Logan joined her, looking rather humorous in his suspenders and knee socks. It must have been summer in that outfit. She was too busy looking at herself to worry about him. She looked amazing and she never wanted to change. That is, until she got to try on some more of these clothes.

“This is so awesome,” she said. Looking down, she saw some hairpins that weren't there
before and an instruction manual on how to do her hair. She laughed and started to try and
manage it.

“Maybe I should just go,” Logan said, apparently bored out of his mind.

“Wait for me,” she said. “Not because I enjoy your company but because I don't want to
unhinge the Doctor. He's about ready to blow. Let's just try to watch him. It's funny how
much I do trust him, and even you, but we can't be too careful.”

Logan watched her with a funny look in his eyes, but he agreed with her and she nodded,
satisfied. Also being satisfied with her hair, they left to go join the Doctor.



***

The Doctor's next stop was the kitchen and he heard Logan and Cordelia walk past. He poked his head out and motioned them into the kitchen.

“Well, you two clean up almost nicely,” he said, inspecting their clothing choices with
approval.

Logan clutched his suspenders with true 1910 pride and managed to look impressed.

“That wardrobe is seriously cool, Doctor.”

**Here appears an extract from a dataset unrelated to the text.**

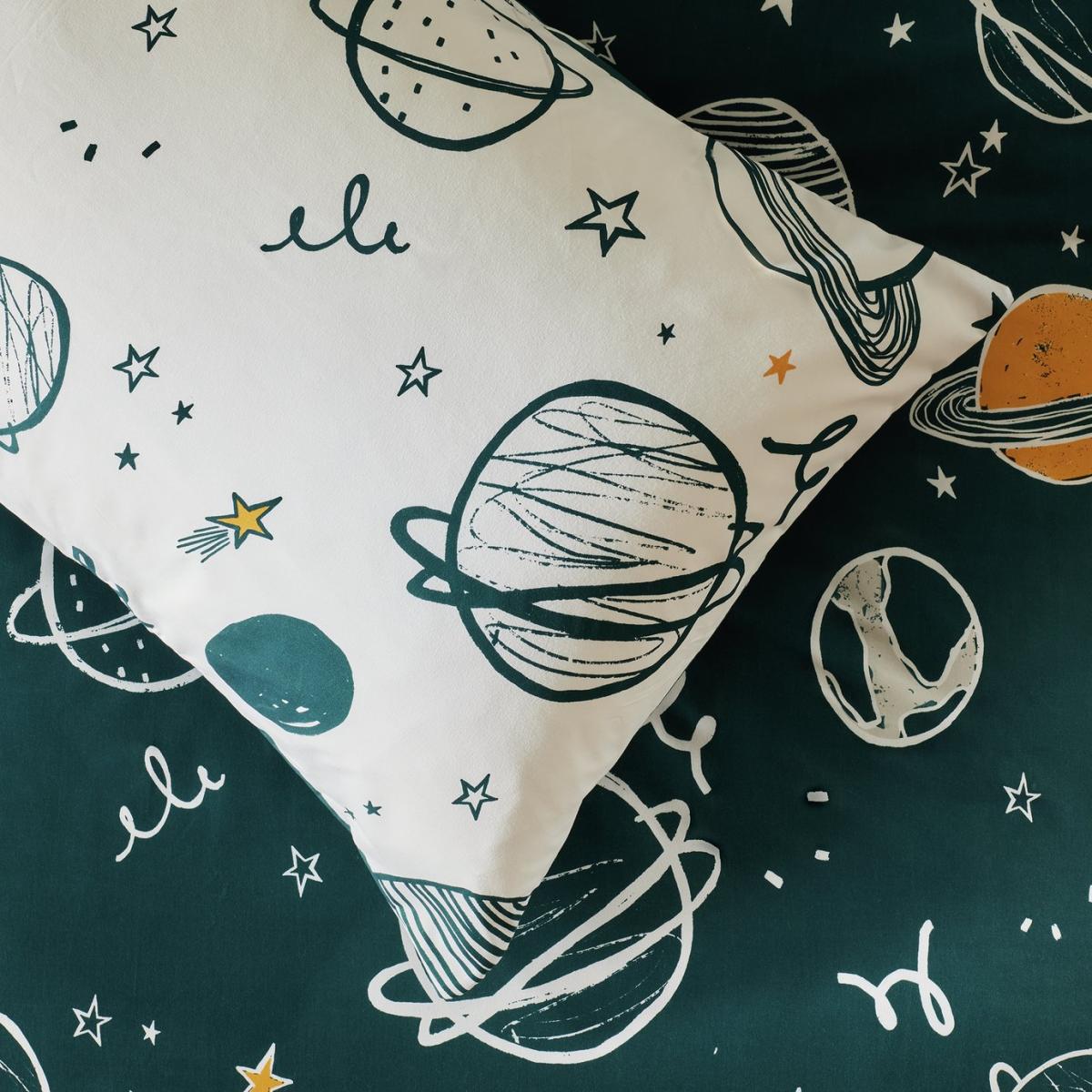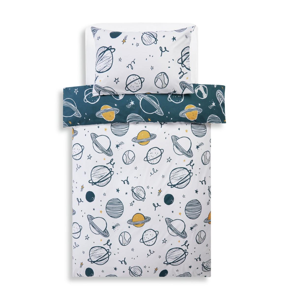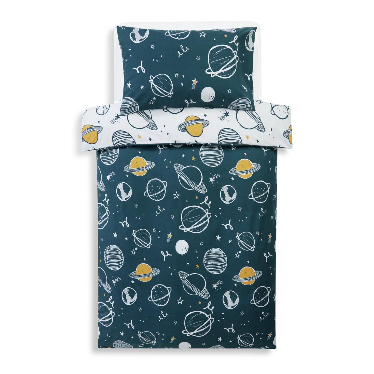 Any space loving little 'uns out there? Get ready to explore planet sleep with this big bold bedding set. The illustrative fun print looks out of this world against the deep blue background. And it's reversible. Simply show off its lighter side by flipping it over. Made from a 100% cotton so you know it's comfortably soft. What a bedtime blast. This item carries the STANDARD 100 by OEKO-TEX logo, which means you can be certain that every component has been tested for harmful substances and is therefore harmless to human health. Set comprises of 1 duvet cover and 1 pillowcase. Blue Planets pattern. Finish: percale. Size L200 x W135cm. Pillow case length 75cm, Width 50cm. Standard pillowcase (s). Reversible pillowcase (s). Reversible. Buttons for fastening. Machine washable at 40 C. Suitable for tumble drying. 100% cotton. percale.

“I want so many of the things in it,” Cordelia said, almost squealing. “It's like the
best shopping mall in the universe!”

“It's not a mall,” the Doctor said sternly. “And you're not to go back in unless I say
so.”

“You're like the enemy of fun, did anyone ever tell you that?” she asked and stuck out
her tongue at him, swishing her dress as she sat down in a huff. She looked spectacular, the
Tardis even managing to help her hair look somewhat like the style of her supposed era.

“We've got a lot more trouble than clothes,” he said, whipping up a quick shepherd's
pie while he explained Cecily King, tuberculosis, and the Road to Avonlea.
Unsurprisingly, Logan had never heard of it and Cordelia had only caught a few reruns.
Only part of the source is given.